Hace poco tiempo apareció la noticia de que un jugador de fútbol había encargado a un escultor italiano una estatua suya, de tamaño natural, para decorar la villa que tenía en Italia. Algunos medios decían que iba a reproducir una foto que dio la vuelta al mundo, otros que sería la postura de este jugador en el momento de meter un gol para resaltar todos sus músculos. También variaba la información sobre si se utilizarían piedras preciosas para los ojos, etc. La sensación que trasmitía la noticia es que la excentricidad del gesto inspiraba a los periodistas suposiciones diversas.

Seguramente a ningún empresario se le ocurriría semejante dislate; o en caso de ocurrírsele lo desecharía inmediatamente.

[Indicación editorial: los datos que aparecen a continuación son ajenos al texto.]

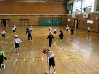 3時間目、体育館では、2年生全体でドッジボールをしました。
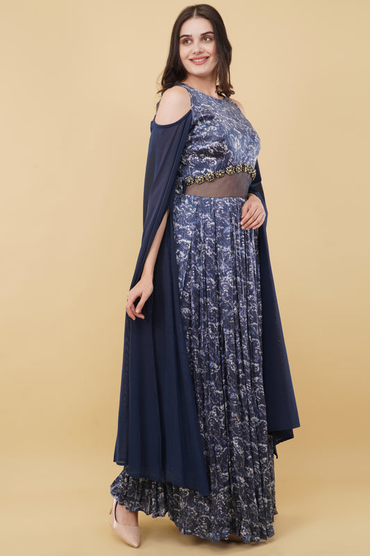 Blue Cape Sleeves Padded Straight Cut Forest Printed Dress
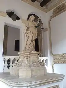 Local hard limestone was used for construction, however the main portico was decorated with Carrara marble.[134] Some of the marble used was cannibalized from the ruins of the Temple of Proserpina, an ancient Roman temple in Mtarfa which had been discovered in 1613.[lower-alpha 2] A craftsman who worked on the decorative sculpture of the Castellania's façade's central-piece[140] and chapel was Maestro Giovanni Vito,[141][142] the Puglisi (from Pùglia), a Neapolitan buonavoglia (a rower on the galleys[143][144]).[109][115] He would become the first man to be convicted of murder and sentenced to death by hanging in the new Castellania on 15 December 1760.[145][146] With the remodelling of the edifice, Pinto has ubiquitously besprinkled[147] his heraldic symbolic couchant crescents,[148] in the interior and exterior of the architecture of the building, to convey a message of his absolutism and opulence.[148][149] Sometimes after its completion, artist Tiepolo Favray took record of the notorious building.[150] Disseminated information among European monarchies compared it to be of proportionate to the expectations of the most powerful nations.[151]
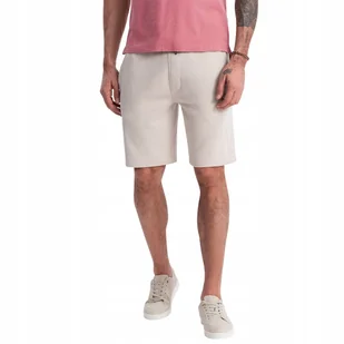 Spodenki męskie dzianinowe dresowe wygodne jasnobeżowe OM-SRBS-0139 V1 L Wygodne, luźne spodenki dresowe polskiej marki Ombre wykonane z bawełnianej dzianiny...
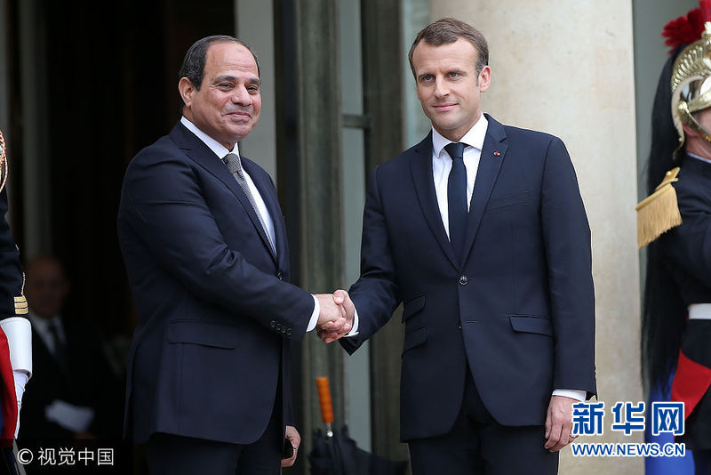 当地时间2017年10月24日,法国巴黎,法国总统马克龙会见了来访的埃及总统塞西。(图片来源:视觉中国)

A lo sumo unas fotos, quizá hasta un retrato. Pero poco más. Un mínimo de sensatez impide exponerse a que expertos en patologías lo detecten a uno como un ególatra incurable.

Espejito, espejito…

De todos modos, aunque lo del futbolista sea una conducta extrema, no es tan raro que el ego les tienda una trampa a los gerentes generales. Una trampa menos evidente y quizá por eso más nociva porque tiene resultados nefastos para la empresa. No es raro que alguien repita que sería un fracaso de su gestión que la empresa que fundó, o desarrolló notablemente, no pudiera funcionar en su ausencia. Pero cuando tiene que ausentarse por un período medianamente prolongado y todo sigue funcionando sin inconvenientes sienta una peculiar desazón. Porque una cosa es la teoría y otra la práctica. Ni hablar si esa persona es reemplazada en su cargo y comprueba que quien le sucede hace las cosas tan bien o mejor que él.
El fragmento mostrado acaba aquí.